We scratched our heads often in 2022, wondering where things went wrong.
In the wake of inflation, shoppers cut down on spending this year, with November 2022 retail sales falling 8% short of last year’s totals and even the almighty Amazon shuttering many of its stores. It was a year of uncertainty—and 2022 will certainly go down as a year in which many retailers played it safe.
It wasn’t all doom and gloom though, and for restaurants, business is booming. The restaurant industry grew nearly 11% this year, and the grocery/convenience category isn’t far behind.
Let’s look back at 2022 with the gift of hindsight, and make a few predictions for the year to come. Chute Gerdeman Senior Designer of Brand Environments Richie Le offers his insights on the opportunities, and the trends retailers will resolve to address in 2023.
New Year’s Resolutions
While we can only predict what is in store for retail in 2023, we can offer some advice for brands to put their best foot forward in the new year. Here are our suggestions for the top Retail Resolutions:
- Motivate your employees to champion their brands—front-line retail employees should be rewarded for the impact they have on the ever-so-important customer experience.

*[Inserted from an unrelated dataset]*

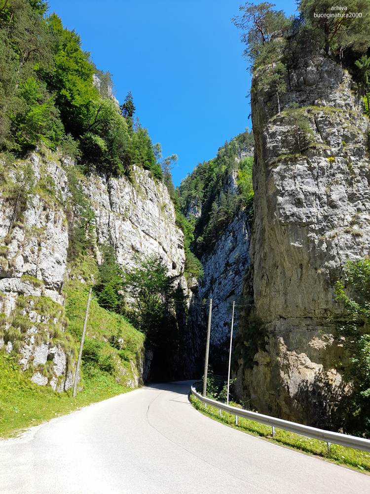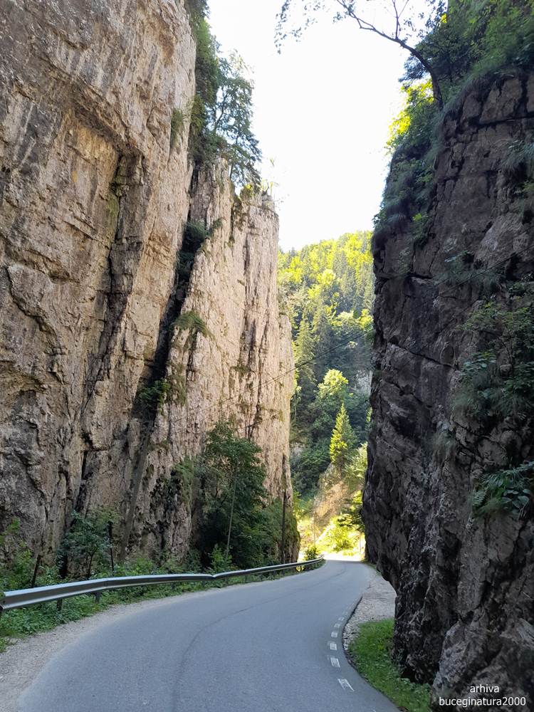 Mai urcam un pic, vreun kilometru sau doi pana in Curmatura Posadei si la vale din nou. Facem dreapta spre Cheile si Pestera Dambovicioarei, un cadru de vis cu suficiente masini dar si oameni care mergeau pe jos. Unii erau cazati in unitati turistice si faceau excursii prin imprejurimi.

- Stand for something in the new year. Find your platform and use your voice to inspire new consumers.
- Pinpoint that magic je ne sais quoi that makes customers crave your brand experience.
“Humans are a commodity in the physical retail space these days. Design in 2023 will begin to leverage human talent and bring expertise and finesse to experience design. It also helps when people can physically be your brand and carry that voice to your customers.” – Richie Le
Human Talent is a Commodity
Retail in general, is flat-out struggling to retain talent. In 2022, there was a 69.7% turnover rate in the retail industry, an almost unbelievable number. How will retail solve this problem in 2023?
Think digital transformation is the key? Not so fast. In 2021 and 2022, new store designs favored more tech and digital integration, which simultaneously cuts labor costs. In contrast, we continue to see successful brands like Trader Joe’s and Chick-Fil-A dominate their categories with a low-tech, high-personal-touch approach.
Walmart and many other retailers are struggling to keep costs down, mainly due to theft and loss of talent. It’s estimated that Walmart loses $3 billion yearly to theft, and self-checkout, paired with a lack of human security, is part of the reason why. The cost of onboarding new employees at these unbelievable turnover rates is staggering and unsustainable.
“There is something homey and nostalgic about small businesses. We all love to support an individual when we can. People aren’t eating out as much right now, so when they do, they want to make it meaningful. There is something special about small businesses, especially ethnic restaurants, that are unapologetically themselves. We can’t help but love these kinds of things, and many restaurants aren’t driving shoppers inside because they don’t have that nostalgic, special, uniquely ownable experience that a small business owner may have. There’s a sweet spot for a restaurant, probably about 3.5 stars on yelp, that isn’t too nice, too chic, or too unpleasant for someone. Those are the restaurants with character.” –Richie Le
A Small Business Renaissance
Restaurants and grocery have stayed relatively strong amid the retail and economic chaos of late, but the mechanisms driving restaurant growth continue to change. As the experience economy rages on, consumers want to spend their dining dollars and time in a meaningful, unique, or special restaurant. That doesn’t necessarily mean more expensive—just more charming, more memorable, or more adventurous. When they are not enjoying these dining experiences, they take it to the drive-thru.
Recently, we sat down with nearly 50 restaurant franchisees, to discover that around 80% of their business was in the drive-thru this year. It’s not surprising given the pandemic drive-thru boom, but still shockingly high now that many people have enthusiastically returned to dining rooms.
Now, maybe more than ever, restaurants are charged with creating an enticing dining experience that draws consumers out of the drive-thru and into the dining room. From a design standpoint, the interior of the restaurant is where the magic happens, right? This environment should be the living, breathing heart of the brand.
We hope that 2023 is a year of optimism, brand growth, and human connection. Let’s look to our communities for inspiration rather than the Fortune 500. We’re excited about another chapter in retail history and hope that 2023 treats you well.